*Provided material*.
▼▼▼

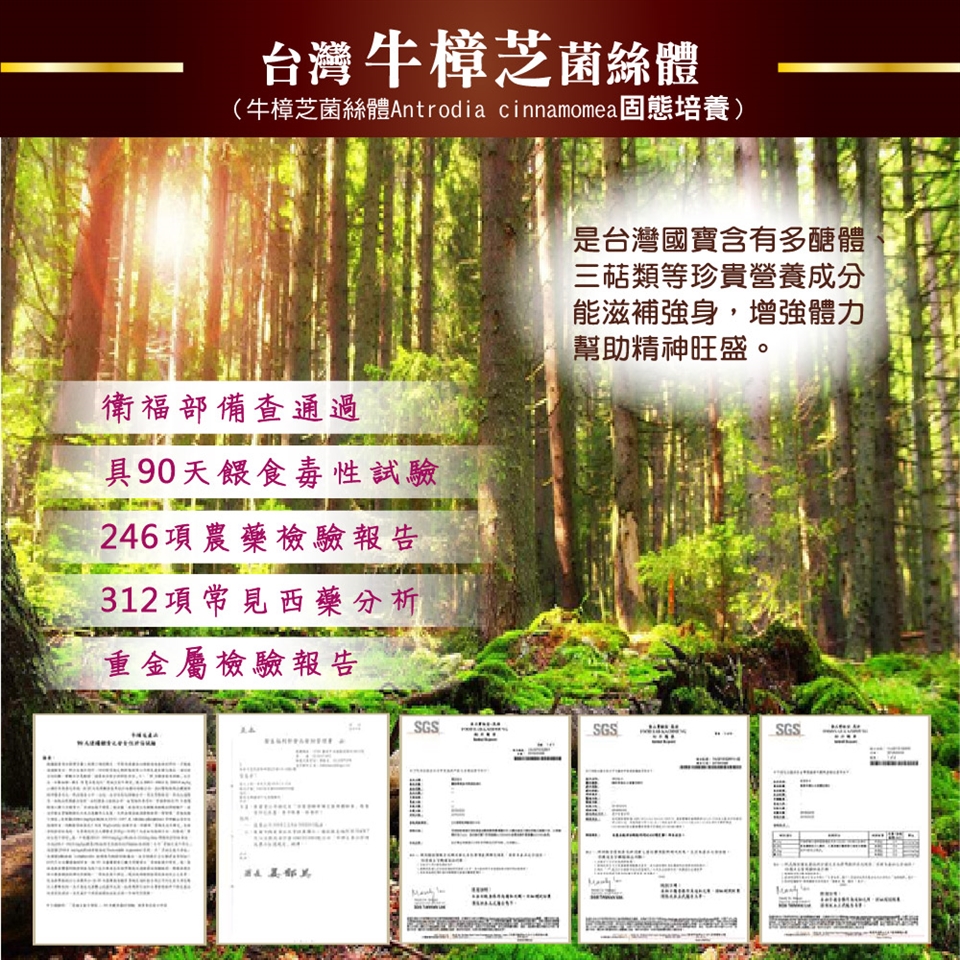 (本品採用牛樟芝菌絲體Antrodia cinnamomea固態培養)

▲▲▲
▼▼▼

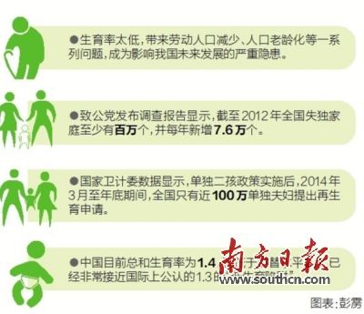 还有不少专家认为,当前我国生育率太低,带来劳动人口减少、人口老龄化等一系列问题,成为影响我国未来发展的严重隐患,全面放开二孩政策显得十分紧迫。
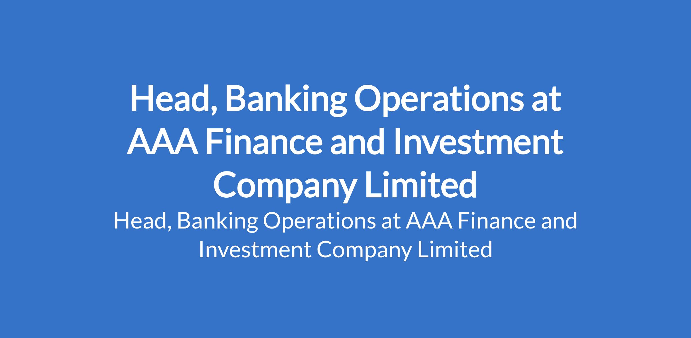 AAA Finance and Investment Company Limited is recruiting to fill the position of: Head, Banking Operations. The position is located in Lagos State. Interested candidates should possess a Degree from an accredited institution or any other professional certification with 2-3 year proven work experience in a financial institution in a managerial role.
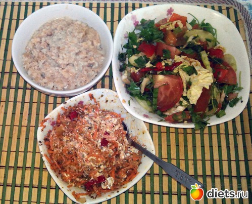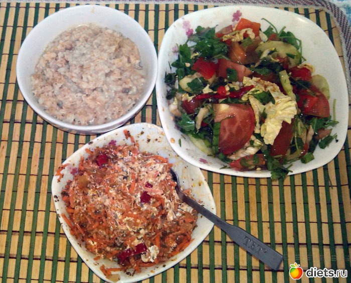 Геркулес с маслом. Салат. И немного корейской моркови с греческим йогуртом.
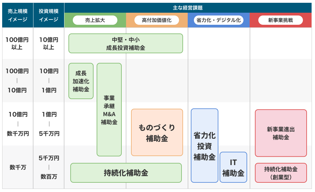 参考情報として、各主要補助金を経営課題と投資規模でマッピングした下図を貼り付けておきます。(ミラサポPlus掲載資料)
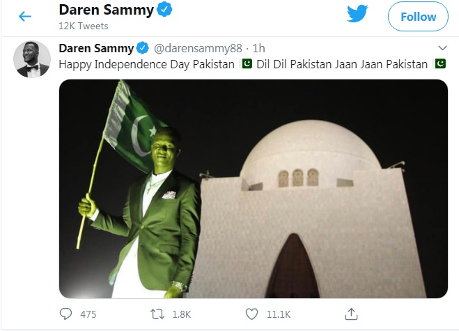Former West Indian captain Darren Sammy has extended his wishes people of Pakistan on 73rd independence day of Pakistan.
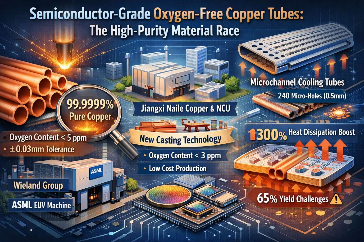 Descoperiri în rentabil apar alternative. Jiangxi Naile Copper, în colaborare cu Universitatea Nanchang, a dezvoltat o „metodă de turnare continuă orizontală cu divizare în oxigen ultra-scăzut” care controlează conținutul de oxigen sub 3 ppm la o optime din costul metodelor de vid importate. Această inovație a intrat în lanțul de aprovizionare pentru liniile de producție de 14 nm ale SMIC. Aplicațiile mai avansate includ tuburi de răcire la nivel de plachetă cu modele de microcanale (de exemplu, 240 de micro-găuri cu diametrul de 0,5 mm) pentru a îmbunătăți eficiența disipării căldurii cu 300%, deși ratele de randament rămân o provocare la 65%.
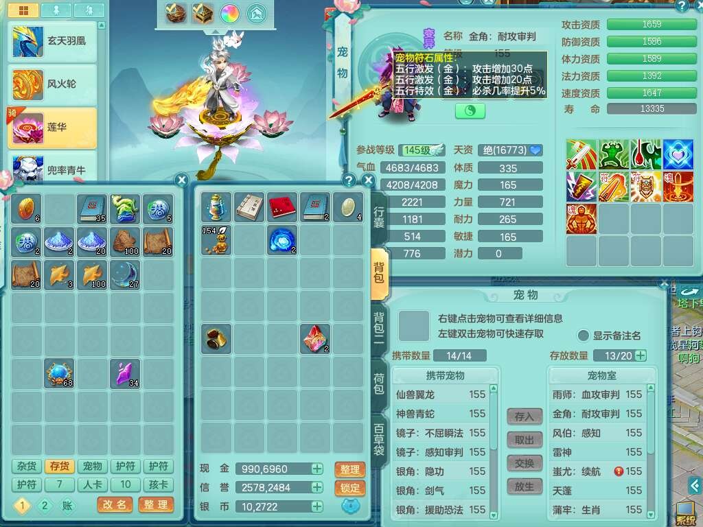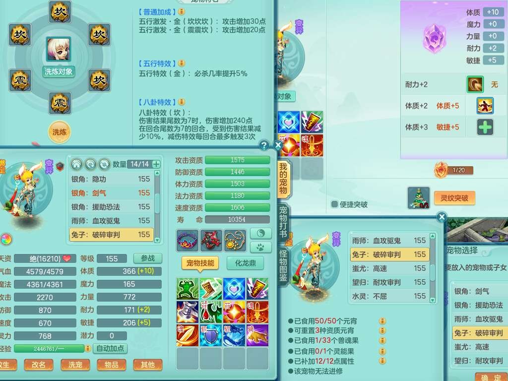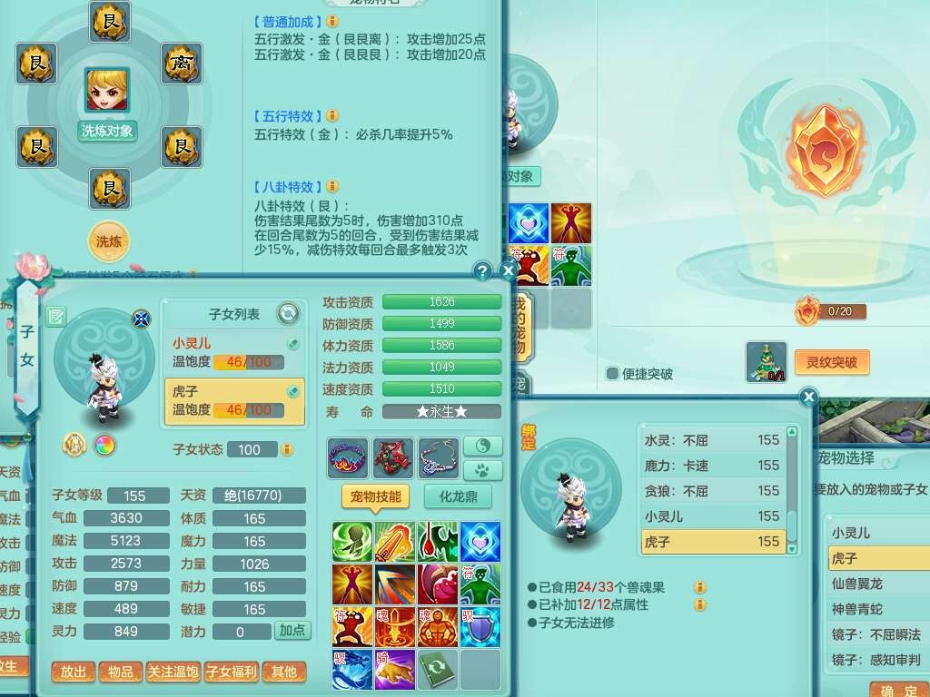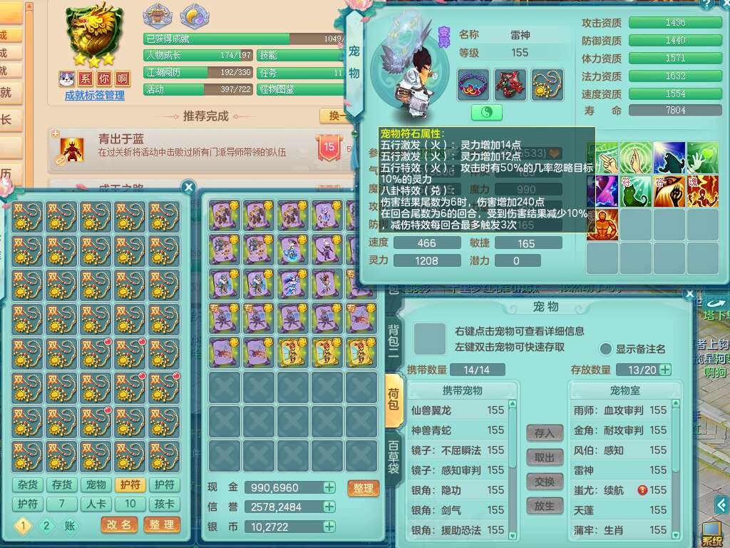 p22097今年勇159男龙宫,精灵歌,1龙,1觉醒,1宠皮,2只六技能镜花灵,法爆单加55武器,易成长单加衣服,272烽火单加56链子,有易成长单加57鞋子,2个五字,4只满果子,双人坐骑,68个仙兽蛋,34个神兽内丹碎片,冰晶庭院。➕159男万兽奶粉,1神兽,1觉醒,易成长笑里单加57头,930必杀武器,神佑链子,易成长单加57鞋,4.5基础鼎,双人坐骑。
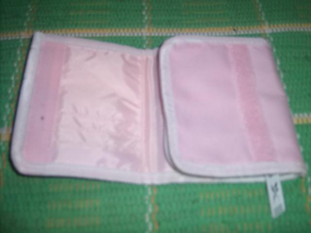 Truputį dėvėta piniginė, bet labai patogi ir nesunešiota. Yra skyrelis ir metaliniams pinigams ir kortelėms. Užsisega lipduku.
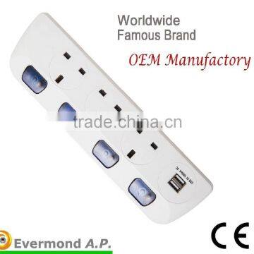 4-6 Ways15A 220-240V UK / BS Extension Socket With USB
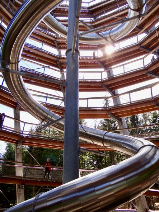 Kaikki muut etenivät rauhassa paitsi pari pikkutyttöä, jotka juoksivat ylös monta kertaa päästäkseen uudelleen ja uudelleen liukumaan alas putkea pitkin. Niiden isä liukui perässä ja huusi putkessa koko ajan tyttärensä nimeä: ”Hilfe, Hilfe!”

▲▲▲
▼▼▼

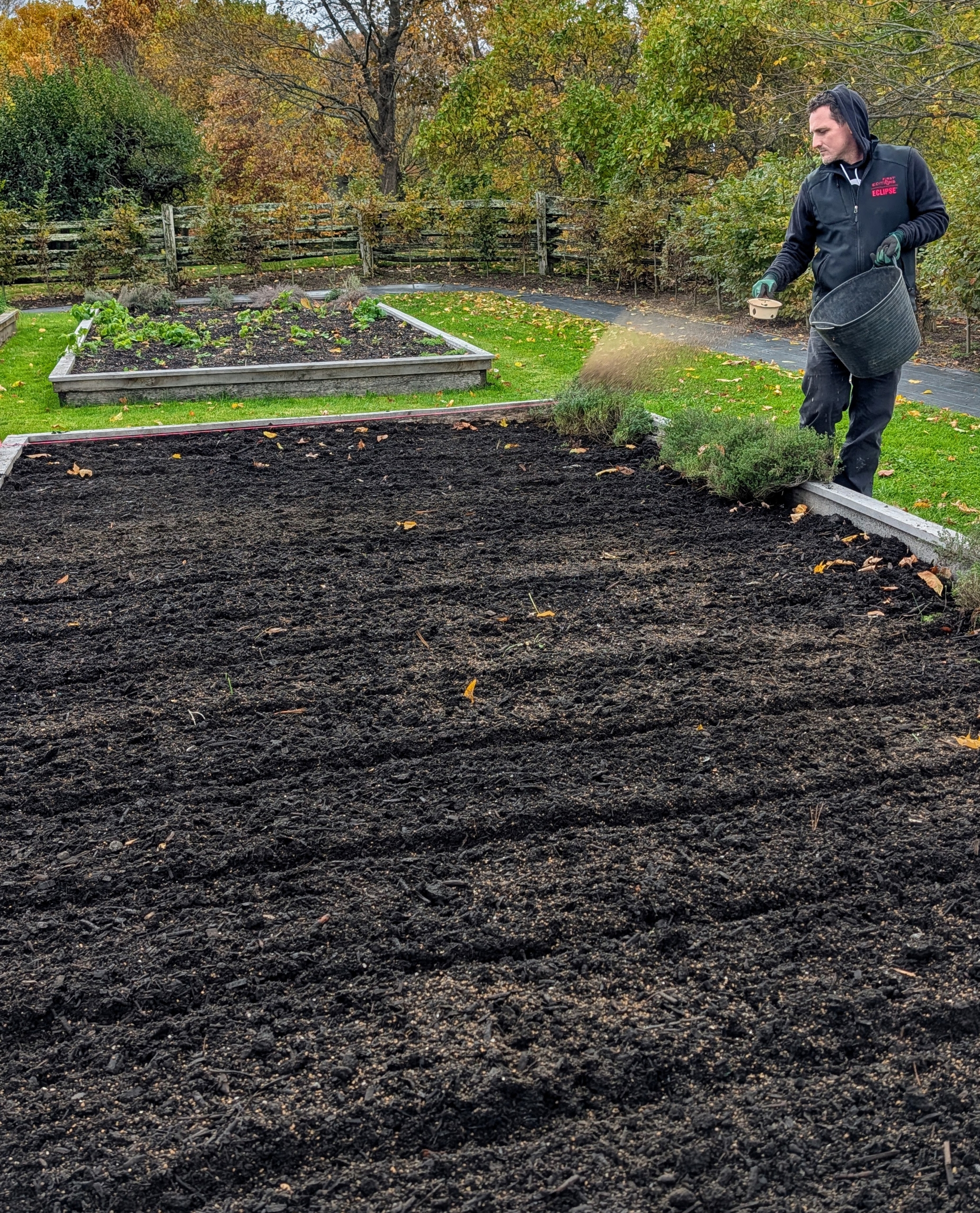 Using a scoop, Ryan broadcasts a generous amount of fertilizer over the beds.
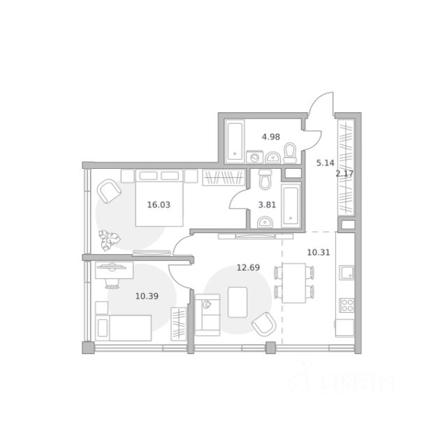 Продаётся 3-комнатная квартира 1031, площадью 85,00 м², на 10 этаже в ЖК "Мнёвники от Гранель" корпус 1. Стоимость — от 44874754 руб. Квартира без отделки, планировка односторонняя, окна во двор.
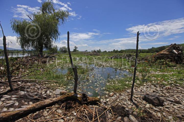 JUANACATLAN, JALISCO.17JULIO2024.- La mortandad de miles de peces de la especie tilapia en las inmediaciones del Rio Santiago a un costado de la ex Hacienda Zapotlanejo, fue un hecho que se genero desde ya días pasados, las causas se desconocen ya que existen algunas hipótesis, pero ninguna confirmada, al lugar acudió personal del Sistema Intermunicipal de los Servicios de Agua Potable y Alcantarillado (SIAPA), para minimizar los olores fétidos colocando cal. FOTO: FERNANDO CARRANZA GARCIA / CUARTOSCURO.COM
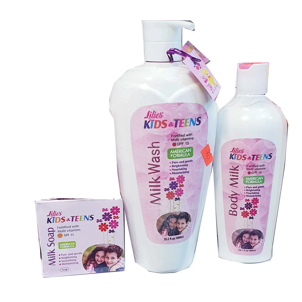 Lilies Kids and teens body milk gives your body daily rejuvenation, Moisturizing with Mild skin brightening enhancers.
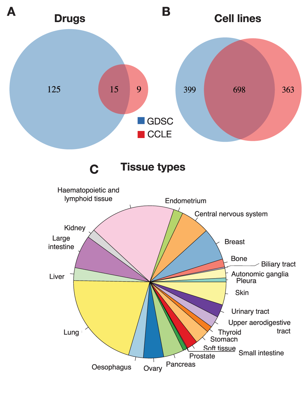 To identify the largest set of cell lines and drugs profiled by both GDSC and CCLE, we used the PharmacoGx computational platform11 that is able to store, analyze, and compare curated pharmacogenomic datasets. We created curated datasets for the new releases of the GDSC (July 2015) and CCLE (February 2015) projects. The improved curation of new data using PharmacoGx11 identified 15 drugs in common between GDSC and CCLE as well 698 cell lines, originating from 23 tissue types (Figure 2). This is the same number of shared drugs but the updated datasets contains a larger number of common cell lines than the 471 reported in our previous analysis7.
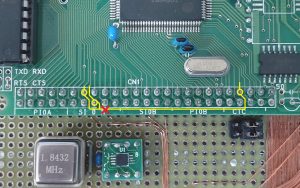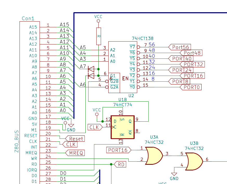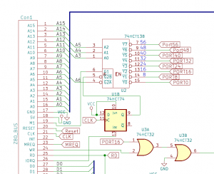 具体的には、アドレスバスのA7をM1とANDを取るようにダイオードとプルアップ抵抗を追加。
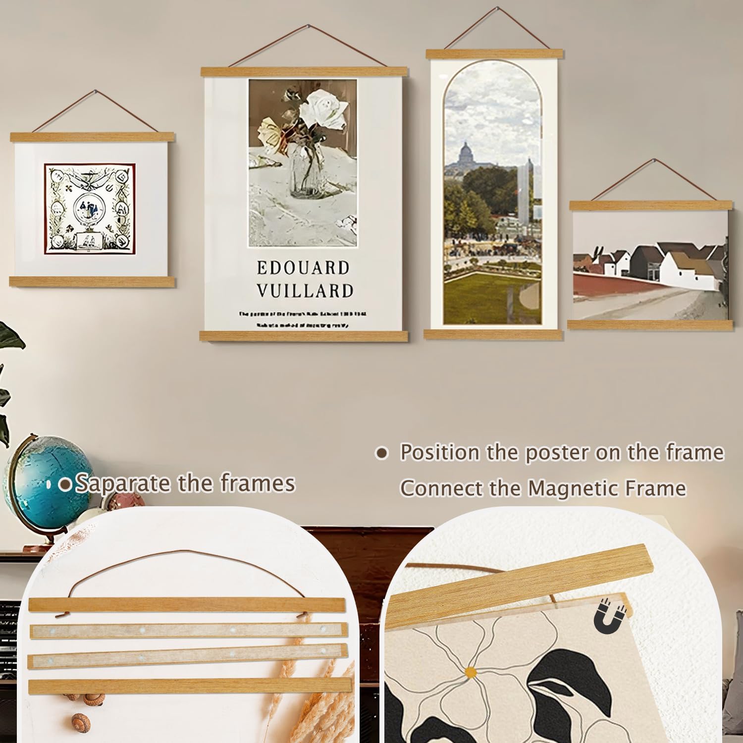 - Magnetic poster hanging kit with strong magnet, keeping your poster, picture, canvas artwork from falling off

▲▲▲

*The task*.
Each line from the one that contains "参考情報として、各主要補助金" down to the one that contains "Former West Indian" is to be returned exactly as it stands above, both ends included, with pictures removed.

*Finished exercise*.
 参考情報として、各主要補助金を経営課題と投資規模でマッピングした下図を貼り付けておきます。(ミラサポPlus掲載資料)
Former West Indian captain Darren Sammy has extended his wishes people of Pakistan on 73rd independence day of Pakistan.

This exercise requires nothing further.